**What you will do:** In the copy, keep every line below as it is and leave out the pictures.
::: Given material :::
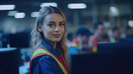 Portrait Of Female Worker In Busy Modern Warehouse Working On Computer Terminal. Generative AI
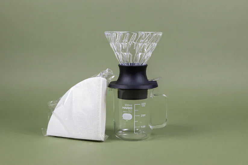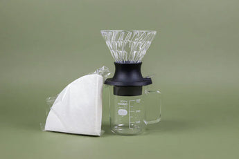 The dripper set comes with a 40 pack of tabbed 02 white filters and a glass server with a practical capacity of 300ml.
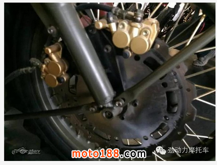 它的制動系統改裝得非常獨到,采用兩套單向雙活塞制動卡鉗,配合單鉆孔盤能夠給長江750提供更好的制動力。
:::
**Finished exercise:**
 Portrait Of Female Worker In Busy Modern Warehouse Working On Computer Terminal. Generative AI
 The dripper set comes with a 40 pack of tabbed 02 white filters and a glass server with a practical capacity of 300ml.
 它的制動系統改裝得非常獨到,采用兩套單向雙活塞制動卡鉗,配合單鉆孔盤能夠給長江750提供更好的制動力。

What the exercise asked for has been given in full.